Design of Experiments(DOE) is a statistics-based approach to designing experiments in order to obtain knowwledge of a complex, multi-variable process with the fewest trials possible. It can be seen as the optimisation of an experimental process. It is the backbone of any product design as well as any process/product improvement efforts.
I have been given a case study about a waste water treatment facility and how a combination of coagulant chemicals, treatment temperature and stirring speed are critical factors to treat waste-water to produce clean water. My goal for this case study will be to determine which of the 3 factors are the most influential on minimizing the amount of pollutants discharged.
Each factor has 2 levels(-/+).
Factor A: Concentration of coagulant chemicals.
Low Level(-): 1 wt%
High Level(+): 2 wt%
Factor B: Treatment Temperature
Low Level(-): 72 degF
High Level(+): 100 degF
Factor C: Stirrer Speed
Low Level(-): 200 rpm
High Level(+): 400 rpm
For 3 different factors with 2 levels of factor, for 1 replicate, there are a total of 8 different runs, which have been done and the amount of pollutant discharged has been recorded. This is also known as the Full Factorial Design
With this information, I will transfer this over to the template provided and conduct analysis of the data using graphical method.

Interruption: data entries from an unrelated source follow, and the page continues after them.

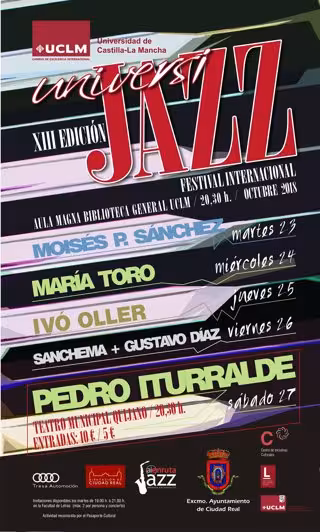 El veterano Iturralde compartirá programación en Universijazz, una de las actividades culturales de la UCLM con más tradición y alcance de público desde 2006, con Moisés P. Sánchez, encargado de abrir el festival el 23 de octubre. A éste le seguirá la flautista María Toro, el miércoles 24; el saxofonista Ivó Ollever, el 25; y el concierto doble del dúo Sanchema y de Gustavo Díaz, el viernes 26, y con el que el festival hace su pequeño guiño a los artistas de jazz en la región.
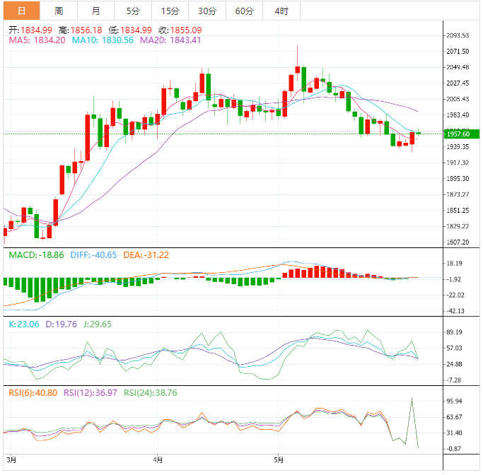 截止5月31日黄金市场,金价从月初开盘价1991.29,到月底截止目前报1957.60。黄金整个5月坐上过山车,金价于5月4日触及最高点2081.82,金价最低点触及5月30日1931.96。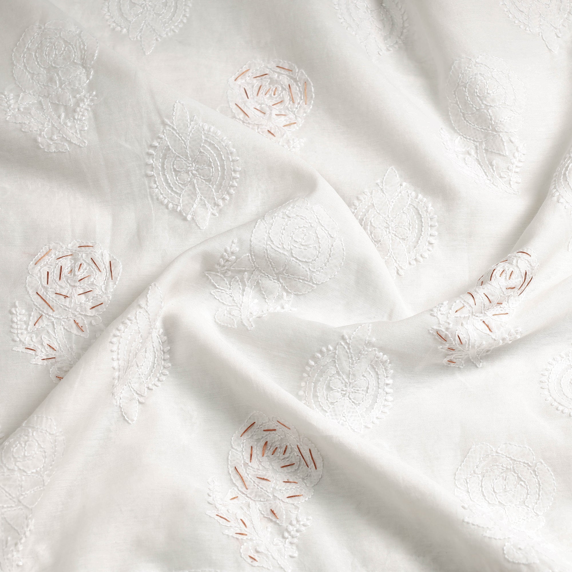 This exquisite kurta material features intricate Lucknowi chikankari embroidery with Parsi-style detailing on chanderi silk-cotton fabric. Chikankari is a traditional textile art from Lucknow known for its delicate and intricate hand embroidery. The threads are skillfully embroidered on cool, pastel shades of light cotton garments, creating a beautiful blend of craftsmanship and elegance. Perfect for creating stunning kurtas, this fabric is a testament to the rich heritage of Indian textiles and embroidery techniques. Chanderi weaving is practiced in the historic town of Chanderi in Madhya Pradesh. The buttis or motifs on chanderi blend are primarily hand woven on handloom, with the use of needles. Separate needles are used to create different motifs.
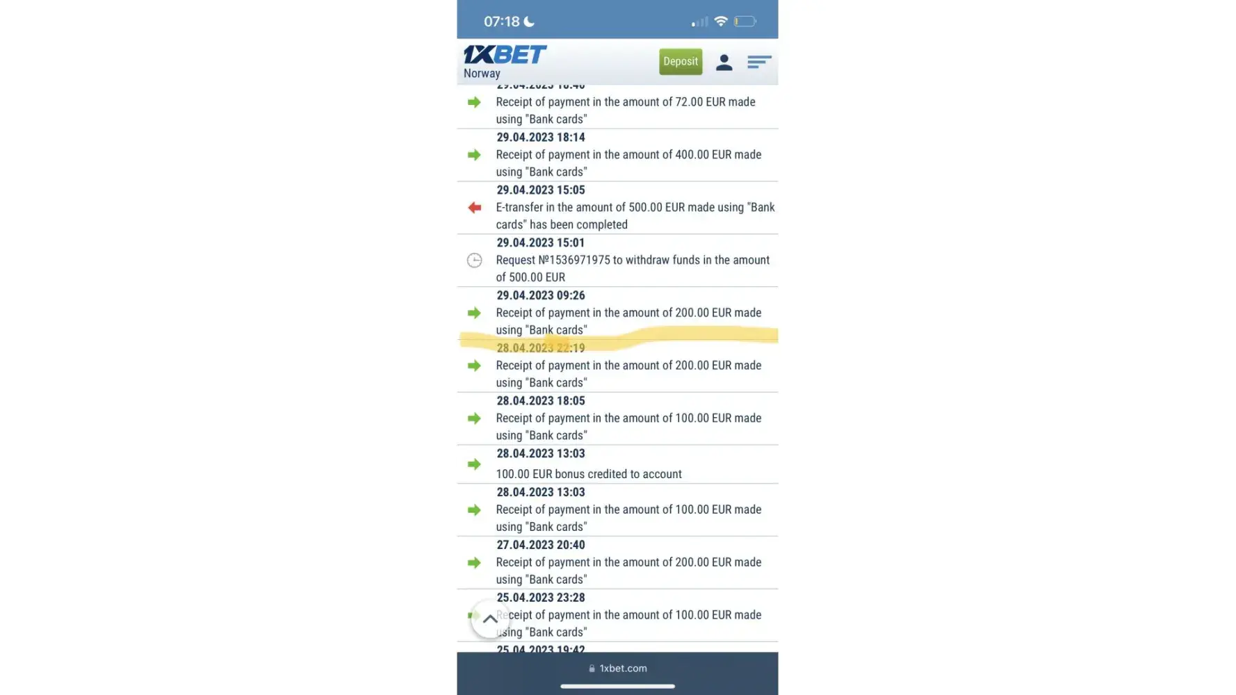 I made a deposit using my debit card last friday at 10pm of 500 euros but the money was never credited on my 1xbet account.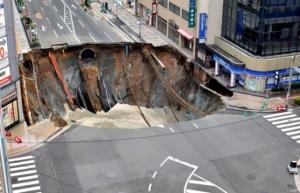 В центре японского города Фукуока под землю провалилась проезжая часть. Тысячи людей стали очевидцами ЧП.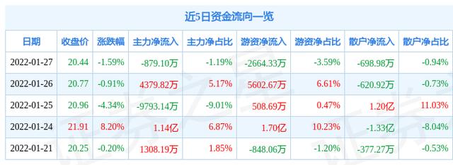 资金流向数据方面,上个交易日主力资金净流出879.1万元,游资资金净流出2664.33万元,散户资金净流出698.98万元。近5日资金流向一览见下表: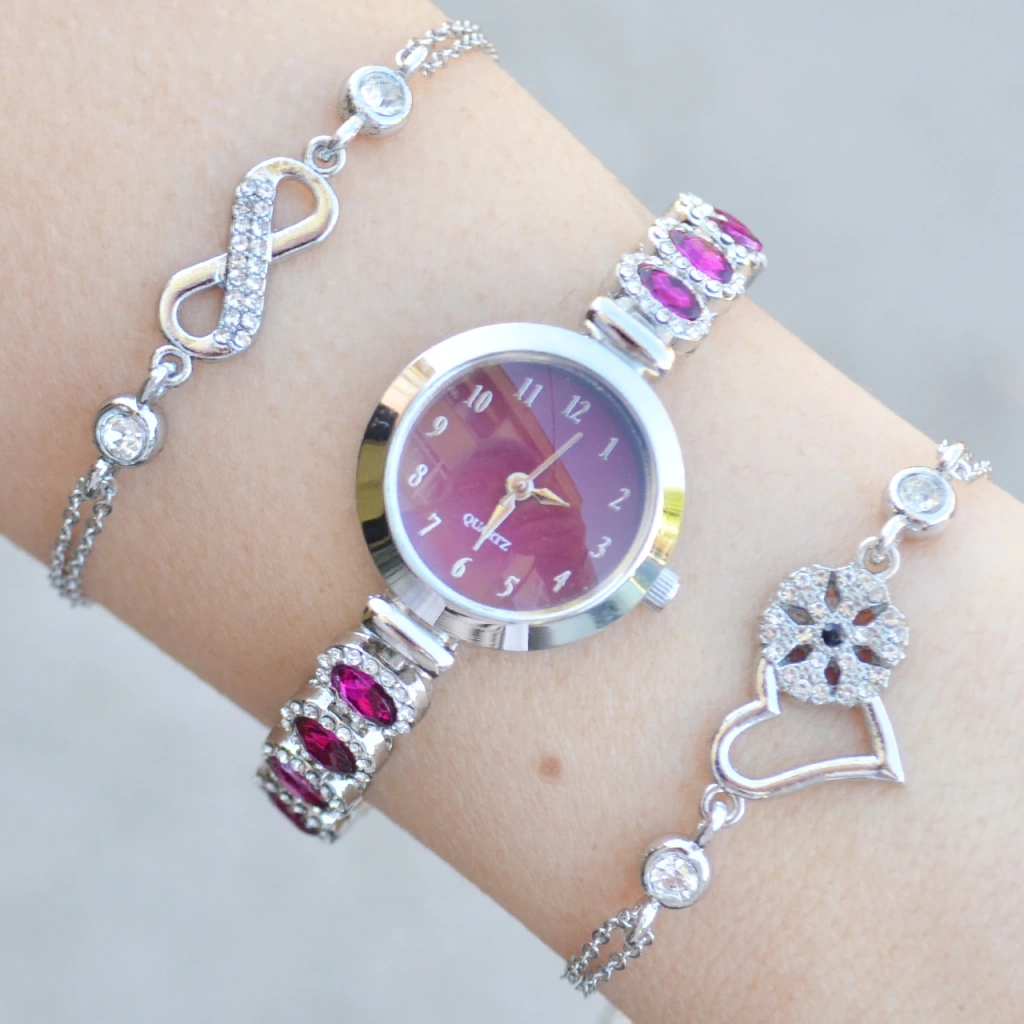 Silver Taşlı Metal Kordon Kadın Saat Kombini 3745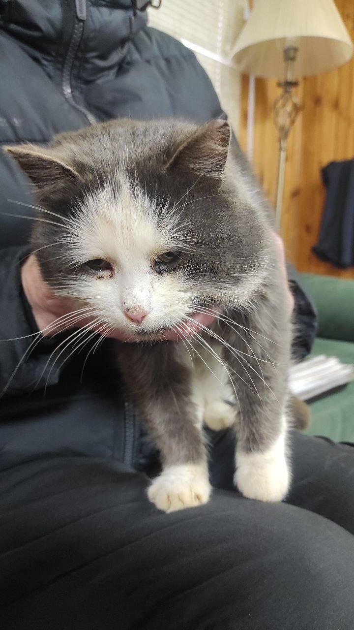 Вчера прибился новый кот, явно респироторка и нуждается в лечении, ребята сказали,что очень ласковый, запустили в вагончик, чтобы сфотографировать.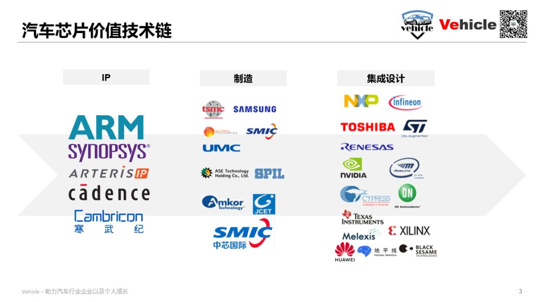 芯片价值的技术链,包含了半导体IP,制造以及集成设计,三个主要部分。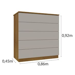 Com a cômoda Premium seu quarto estará completo e seus pertences bem organizados. Produzida inteiramente em MDF, possui 5 gavetas com corrediças metálicas, tampo de 25mm e espaço sapateira. Acabamento resistente com impressão UV e verniz de alta duração. Acabamento da Gaveta: Pintura Ambiente Principal: Quarto Complexidade da Montagem: Baixa: pode ser montado por uma pessoa sozinha Cor: Cinamomo/Off White Cor do Produto: Cinamomo/Off White Escala de Brilho: Semi-Brilho Escala de Brilho da Gaveta: Fosco Gaveta com Chave: Não Itens Inclusos: 1 Cômoda, Manual de Montagem e Kit Ferragens Linha ou Coleção: Premium Manual de Montagem e Instalação: https://cdn2.madeiramadeira.com.br/atributo/tcil-moveis/467577-esquema-de-montagem-comoda-premium.pdf Material da Gaveta: MDF Material do Fundo: MDF Material Principal: MDF Necessita Montagem: Sim Origem do Produto: Nacional Peso: 33,34 kg Peso Máximo por Gaveta: 10 kg Possui Espelho: Não Possui Nichos: Não Possui Pés: Não Possui Portas: Não Possui Prateleiras: Não Recomendações de Uso, Manutenção e Limpeza: Não colocar o produto em lugar úmido, não arrastar, limpar somente com pano macio e seco, não expor o produto a incidência de luz solar, não colocar peso superior ao indicado. Sapatas Niveladoras: Não Sistema de Montagem: Parafusos e pregos. Suporta Até (kg): 50 kg Tamanho: Tipo de Corrediça da Gaveta: Metálica Telescópica Tipo de Puxador da Gaveta: Embutido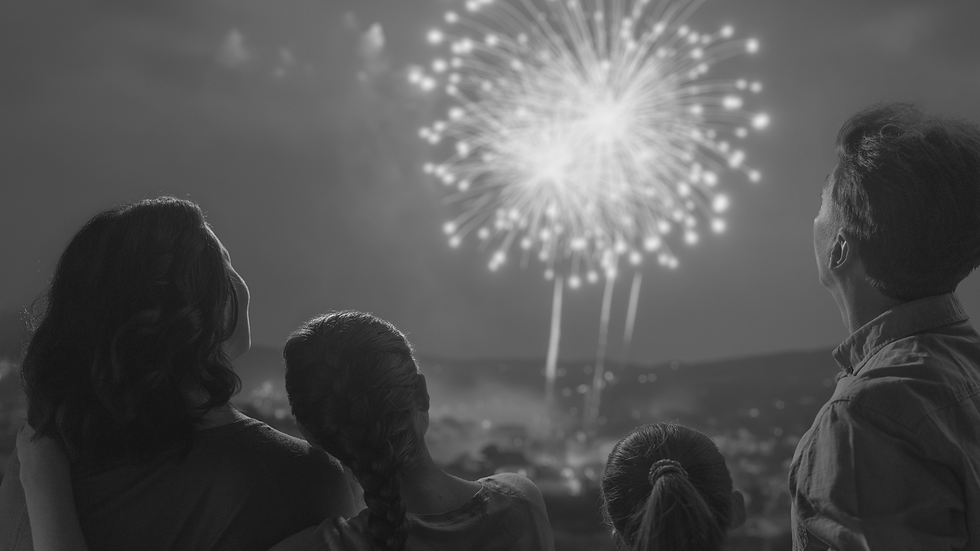 Eyes alit at the bursts in the sky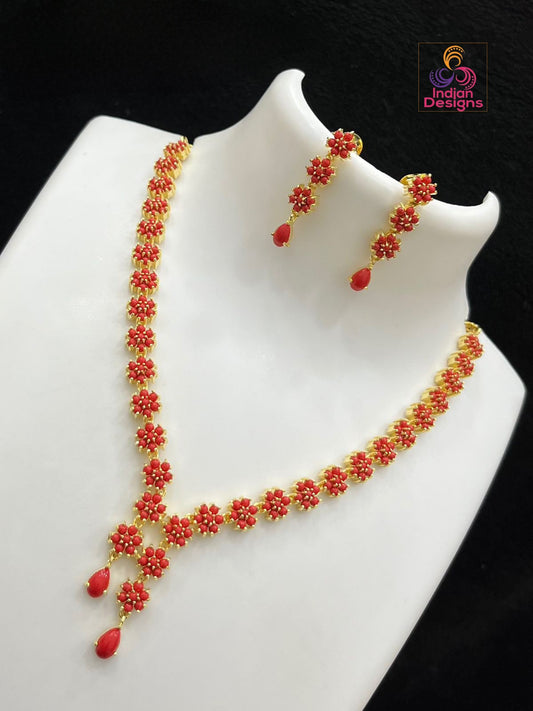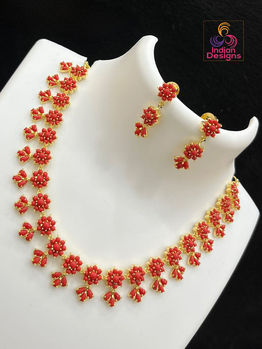 Red Coral Gold Plated American Diamond Choker necklace Earrings and Floral Pendant set, Real Pearl and Crystal choker, South Indian Jewelry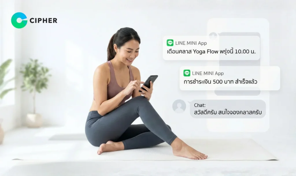CIPHER เป็น LINE MINI App Agency ในไทย ที่มีประสบการณ์ในการพัฒนาระบบจองและบริหารจัดการสำหรับธุรกิจหลากหลายประเภท ทีมของเรามีความเชี่ยวชาญในการออกแบบ LINE MINI App สำหรับโยคะ ที่ตอบโจทย์การใช้งานจริง ไม่ซับซ้อนเกินไป แต่ครบฟีเจอร์ทุกอย่างที่สตูดิโอโยคะต้องการ เรารับทำ LINE MINI App แบบ custom ได้ตามความต้องการของคุณ พร้อมให้คำปรึกษาและดูแลหลังการขายอย่างใส่ใจ หากคุณสนใจที่จะยกระดับการบริหารจัดการคลาสโยคะด้วยเทคโนโลยีที่ช่วยประหยัดเวลาและเพิ่มรายได้ ติดต่อ CIPHER ได้ทันที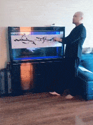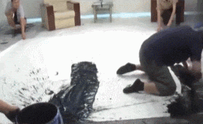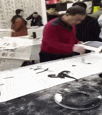 這一點在下麵這位書法大師身上體現得尤為盡致。不光是他家那不要錢的紙墨,奮不顧身的動作更是達到了人筆合一的超脫。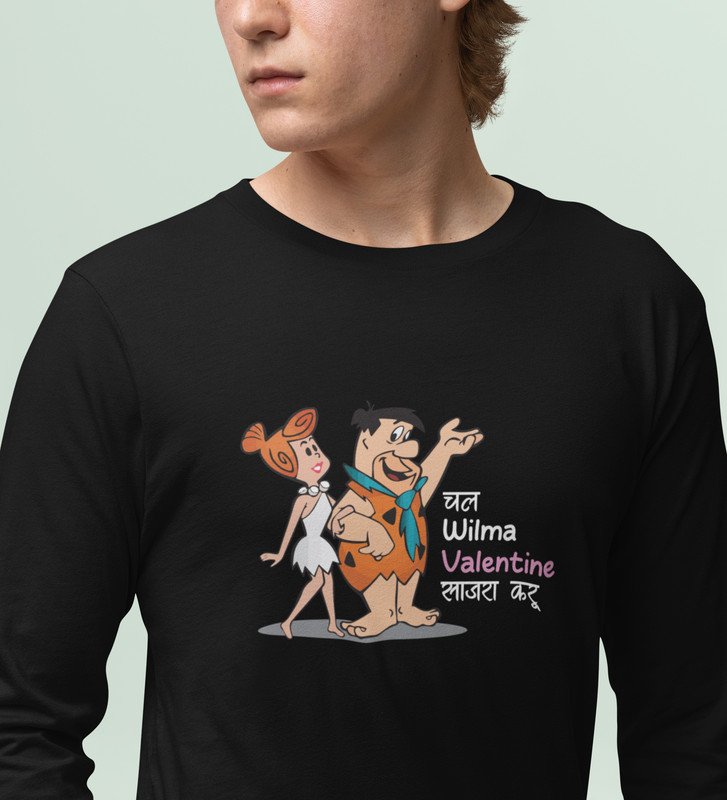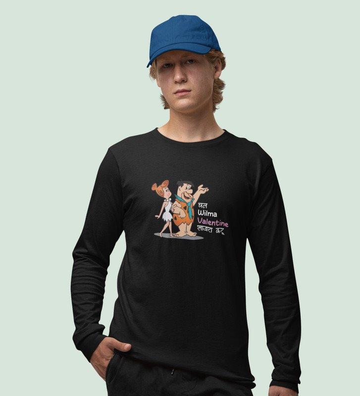 Marathi StoneAge Man: (black) Full Sleeve T-Shirt For Singles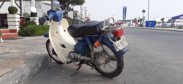 Érdekes az is, hogy milyen sok régi robogón látni kardánhajtást, ez dolgozott a már meglehetősen ütött-kopott rendszámú Yamahán is. Nem igazán folyt sem a hajtómű-, sem a motorolaj, inkább kellemesen poros, itt-ott kicsit rozsdás volt a szerkezet. Az is látszott rajta, hogy csak a legszükségesebb dolgokat csinálták meg rajta, a szigetelőszalaggal házilag rögzített indexlámpák kicsit lefittyentek ugyan, de működtek. De nem csak Yamaha, hanem Honda robogók is szép kort érnek meg Görögországban, ahol jó eséllyel egész évben használhatók ezek a közlekedési eszközök.
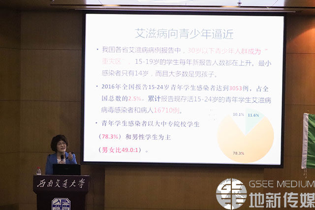 10月17日晚7时,地球科学与环境工程学院于图书馆一号报告厅举办了“青春同路·与艾同行”入学教育宣讲活动及心理健康教育。成都市疾控中心性病与艾滋病防制科科长何勤英、蘑菇视频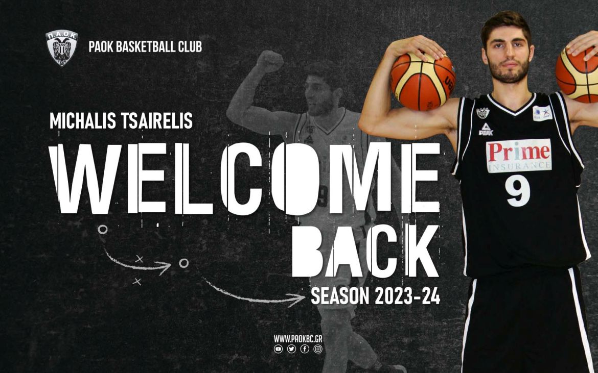 "Η ΚΑΕ ΠΑΟΚ ανακοινώνει την συμφωνία με τον Μιχάλη Τσαϊρέλη, ο οποίος επιστρέφει στην ομάδα μας μετά από 9 χρόνια και την επιτυχημένη συνεργασία της διετίας 2012-14. Ο Μιχάλης θα φορέσει την ασπρόμαυρη φανέλα για τα επόμενα δύο χρόνια. Τον καλωσορίζουμε και πάλι στη μεγάλη οικογένεια του ΠΑΟΚ.
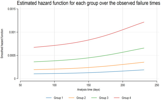 Estimated hazard function for each group over the observed failure times. Patients were categorized based on an ADA concentration threshold of 5 µg/mL and the presence of AAA into four groups: group 1 (high ADA, AAA−), group 2 (high ADA, AAA+), group 3 (low ADA, AAA−), and group 4 (low ADA, AAA+). Notably, patients in group 4, characterized by low ADA concentrations and positive AAA, were most frequently associated with ADA discontinuation during follow-up. AAA—anti-adalimumab antibody; ADA—adalimumab.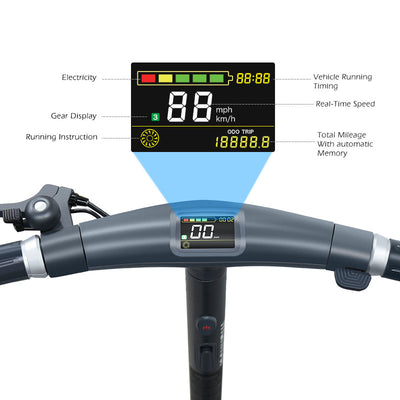 • Visual LCD exquisite interactive dashboard, High-precision craft that maximizes the sense of fashion and technology. Real-time display, speed, power, mileage... are all at a glance. Various functions can be operated by one button or by APP,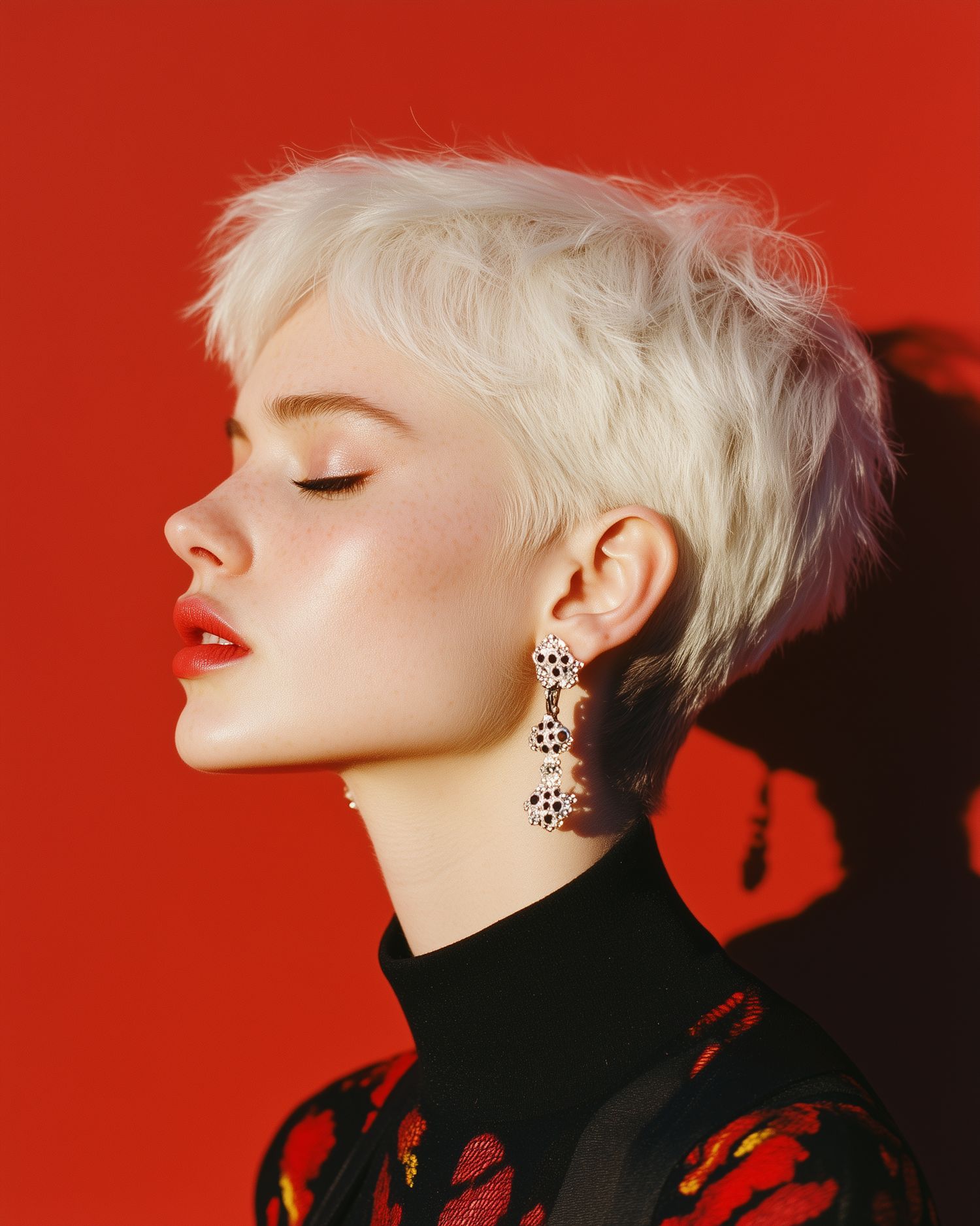 Profile of a woman with platinum blonde hair and bold earrings against a red background, wearing a black floral top.

With the help of the Excel Spreadsheet, I have calculated the significance of each factor by solving for the means.
This is done by calculating the average amount of pollutants discharged when the examined factor is high and low. This prevents confounding data. With the calculated averages, I used it to create a graph for easy comparison.
As shown in the graph above, we can see that the factors with the most significance to the amount of pollutant discharged are factors A and C. This is seen by the steep slopes in the lines when the factor level is increased from low to high.
Ranking of Factors based on significance:
1. Factor C (Stirrer Speed)
2. Factor A (Concentration of Coagulant Chemicals)
3. Factor B (Treatment Temperature)
Next, I will analyse the effects of different factors on one another, also known as their interaction.
First, I will analyse the effects of factor B on A.
What I've done here is to find the average amount of pollutant discharged when B is low and when A increases from low to high. Then, I repeated this step for when B is high to get two different sets of data which is then plotted in the graph shown above. In the graph above shows the impact factor A has when it increases from low to high level when B is low and when B is high. Since the gradients of the two lines on the graph look very similar, we can say that factors A and B have very little interaction.
I did this for the interaction effect between A & C and B & C and these are my results.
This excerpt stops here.